Unpredictable as the unexpected encounter with a friend in a crowded and
foreign city street.
A lifelike-unpredictable crawler is started with a click on the Infome interface.
The instant T0 of the click will be captured by the crawler. From that time
on, its task is to search the web, moving from page to page till it
encounters a page that someone has created/modified at a point in time T1
later than the originating instant T0 ( T1>T0 ). The found page is returned
together with different measures of the length of the search which was required.
The simple fact that the final output is something which was
created/modified after you started the crawler's quest, accounts for the unpredictable
nature of its result and for the similarity to an unplanned
encounter. Such a lifelike-unpredictability is very rarely found in the
digital realm (do you know of other cases?). Mostly, when computers provide
us with random events or numbers, they are just scrambling around some
definite input so that the result of a deterministic
algorithm might appear to us unpredictable rather than obvious. But the web,
while digital, comes incredibly close to life, defying the deterministic
spell, because of its continuous-creation process.
A lifelike-unpredictable crawler may suggest that what will happen tomorrow,
rather than having been planned in some cosmic plan, yesterday, will be the
result of tomorrow's creation, and that we can all contribute. Ultimately, the crawler's
quest is for something that doesn't exist yet, but which is already dreamt about.

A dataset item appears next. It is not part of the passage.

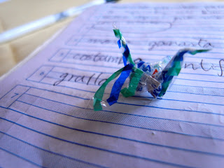 暇だったから目の前にあったで飴の包み紙で鶴を折ったら先生が教えてくれと。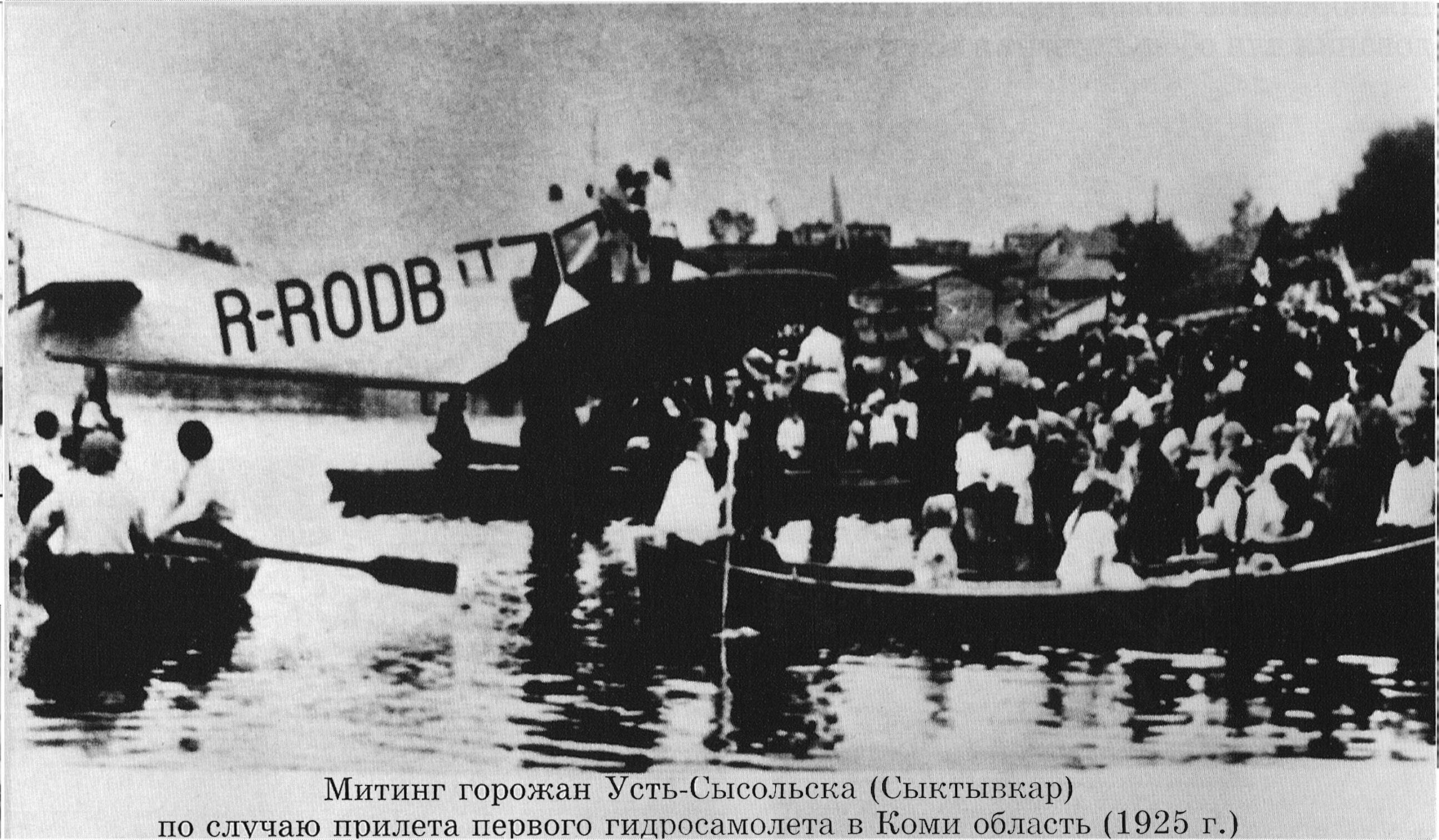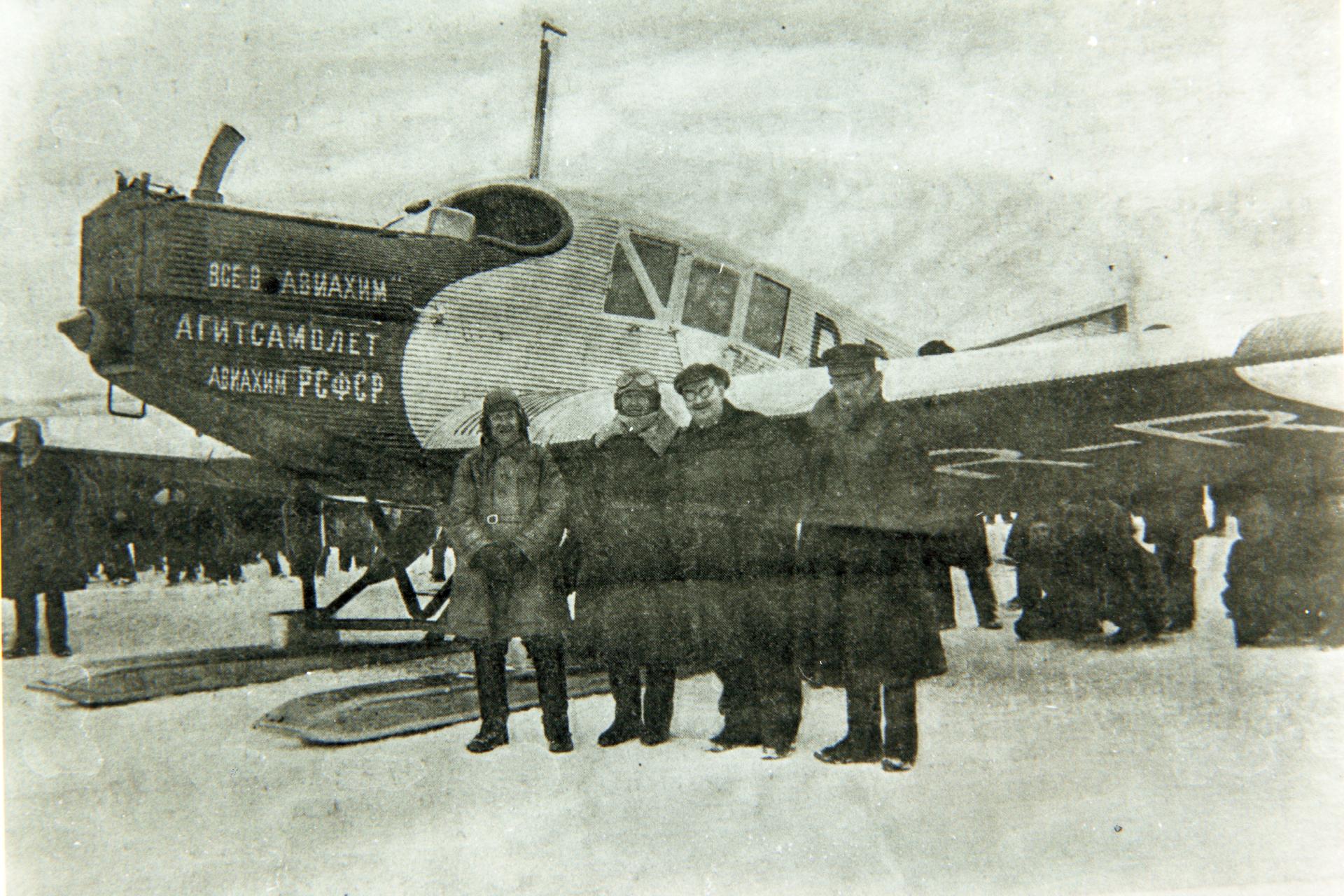 Совершающий северный агит-полет самолет "Все в Авиахим" под управлением известного нам (в 1925 г.) пилота тов. Копылова и его неизменного борт-механика тов. Клочко, с уполномоченным от ОСОавиахима РСФСР тов. Эйзнер сегодня прилетит в Вологду из Вятки.

Starting such crawlers is playing with time.
Level 1: web clocks
Under the simplest hypothesis, the effort required by a crawler to find its page is
directly related to the ratio between the rate of change or growth of the web and its total size.
The minute the web stops changing and growing, no lifelike-unpredictable crawler
will anymore return form its voyage. Even just a slowdown in the web
evolution would cause our crawlers to spend much more time to find their
As time in our physical world is measured by movement, a measure of time
which is completely intrinsic to the web can be realized starting regularly
new crawlers and monitoring their search efforts (for instance #links
visited or maybe their leap in future T1-T0).
Looking at a clock is always somehow generating a slight anxiety, maybe
because we fear that time could stop, or that it could run too fast, leaving us
behind. This is surely the case for the web clock.
The lifelike-unpredictable crawlers
return (they do!) a newly created or modified page in a reassuringly small
amount of time (, i.e. of visited links. The web is alive, at least for now.
Some of the pages returned belong to categories of pages updated very
frequently and regularly (news, bulletins, forecasts).
There are pages with the wrong time stamp, ugh!
The Greenwich Mean Time is the universal time of the web, allowing to
define simultaneity across time zone.
If a crawler gets to a dead link, something pointing to a page which has
been removed, it gets back the infamous page-not-found (404) page. Such a
page is created by http servers right at the time of the query. So our crawler
stops his search, having found a page created later than its originating
instant T0. This unexpected side-effect allows to measure with the same
crawlers also the rate of decay of the web. But the resulting web clock can
be of a depressing kind.